▸ PROBLEM: When the line containing "Kit de 1M e" appears in the data below, begin copying there and stop only after the line containing "政策优势:为全面提升海南自由".

▸ RECORDS FOR THIS TASK:
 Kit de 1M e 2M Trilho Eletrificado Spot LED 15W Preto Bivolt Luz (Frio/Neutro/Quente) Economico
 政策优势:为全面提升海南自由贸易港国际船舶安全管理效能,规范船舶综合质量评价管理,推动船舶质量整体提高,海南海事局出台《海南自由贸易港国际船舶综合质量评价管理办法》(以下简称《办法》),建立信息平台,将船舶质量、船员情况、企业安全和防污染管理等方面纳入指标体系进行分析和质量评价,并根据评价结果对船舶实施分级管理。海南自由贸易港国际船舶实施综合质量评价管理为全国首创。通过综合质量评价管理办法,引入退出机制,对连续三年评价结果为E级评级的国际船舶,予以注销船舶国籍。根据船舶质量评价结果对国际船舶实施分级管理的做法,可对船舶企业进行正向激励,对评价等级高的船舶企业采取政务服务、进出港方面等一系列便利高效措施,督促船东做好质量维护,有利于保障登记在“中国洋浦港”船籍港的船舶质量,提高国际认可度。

==

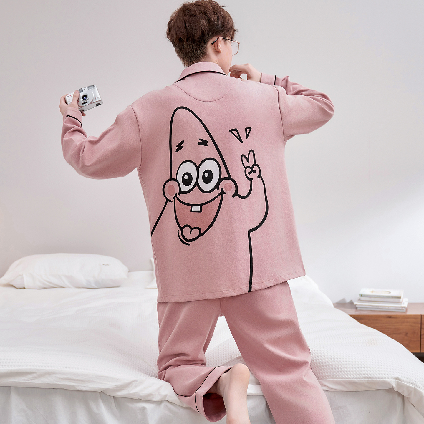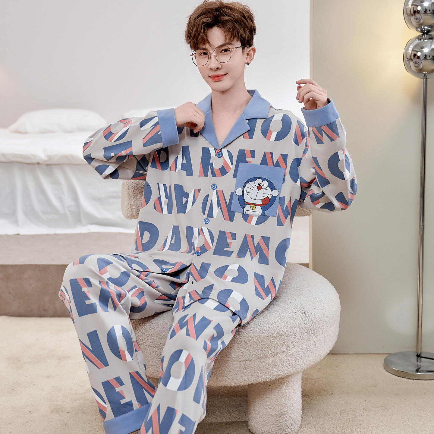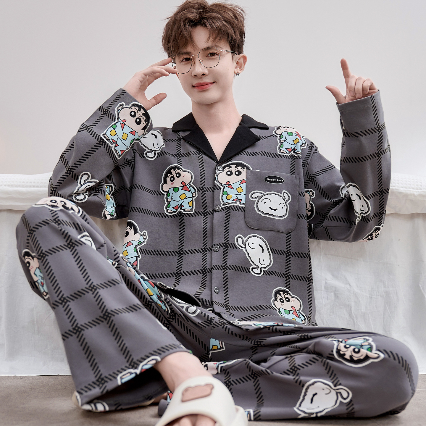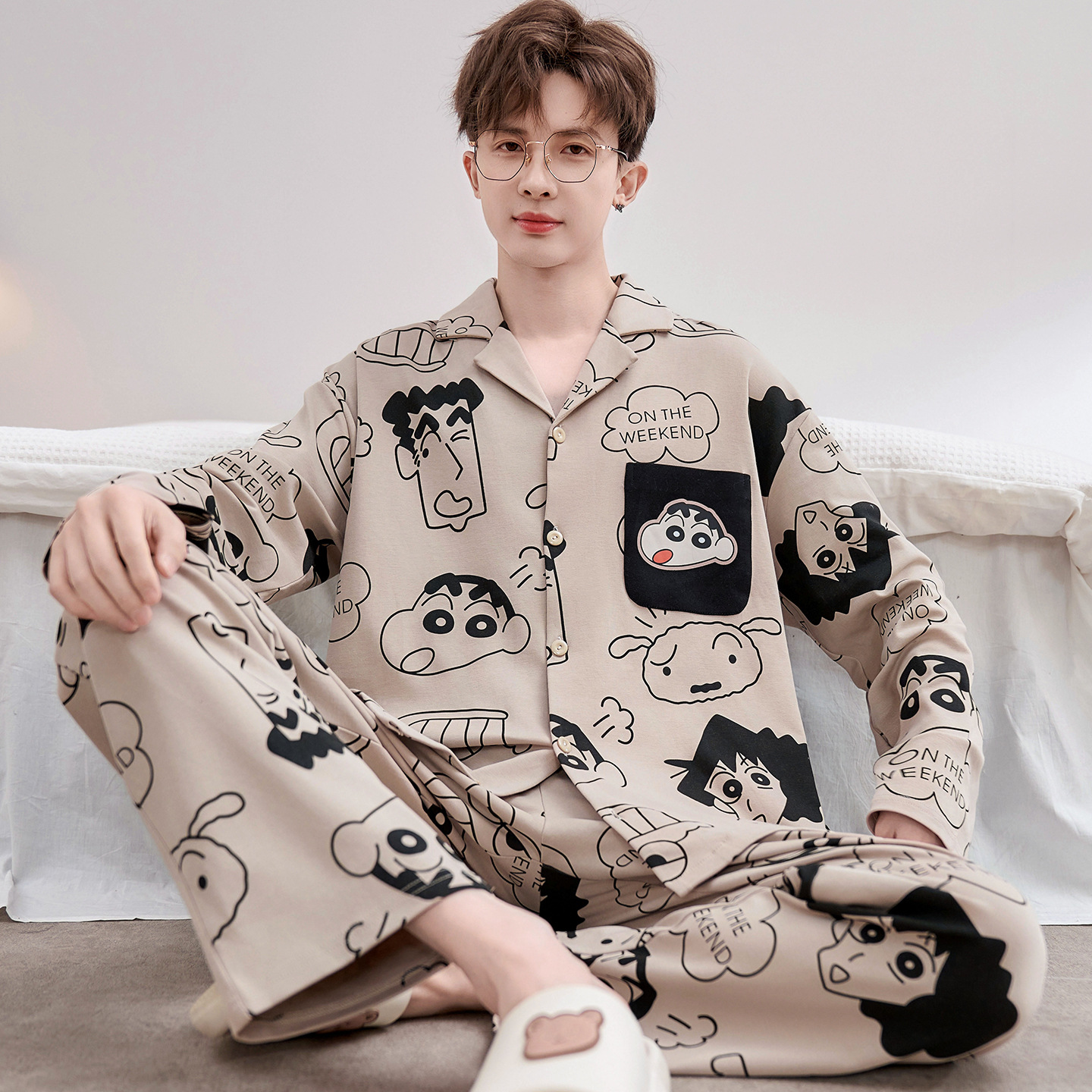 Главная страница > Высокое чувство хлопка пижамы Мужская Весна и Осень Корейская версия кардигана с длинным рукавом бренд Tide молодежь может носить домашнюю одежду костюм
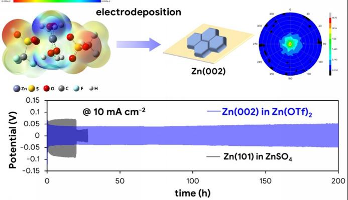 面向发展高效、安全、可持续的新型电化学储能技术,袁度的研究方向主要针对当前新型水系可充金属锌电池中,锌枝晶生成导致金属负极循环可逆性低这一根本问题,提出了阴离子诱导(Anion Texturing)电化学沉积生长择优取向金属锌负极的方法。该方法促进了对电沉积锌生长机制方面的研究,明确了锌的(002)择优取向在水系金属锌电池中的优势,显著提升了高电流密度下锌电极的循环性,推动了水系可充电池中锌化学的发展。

▸ EXPECTED OUTPUT:
 Kit de 1M e 2M Trilho Eletrificado Spot LED 15W Preto Bivolt Luz (Frio/Neutro/Quente) Economico
 政策优势:为全面提升海南自由贸易港国际船舶安全管理效能,规范船舶综合质量评价管理,推动船舶质量整体提高,海南海事局出台《海南自由贸易港国际船舶综合质量评价管理办法》(以下简称《办法》),建立信息平台,将船舶质量、船员情况、企业安全和防污染管理等方面纳入指标体系进行分析和质量评价,并根据评价结果对船舶实施分级管理。海南自由贸易港国际船舶实施综合质量评价管理为全国首创。通过综合质量评价管理办法,引入退出机制,对连续三年评价结果为E级评级的国际船舶,予以注销船舶国籍。根据船舶质量评价结果对国际船舶实施分级管理的做法,可对船舶企业进行正向激励,对评价等级高的船舶企业采取政务服务、进出港方面等一系列便利高效措施,督促船东做好质量维护,有利于保障登记在“中国洋浦港”船籍港的船舶质量,提高国际认可度。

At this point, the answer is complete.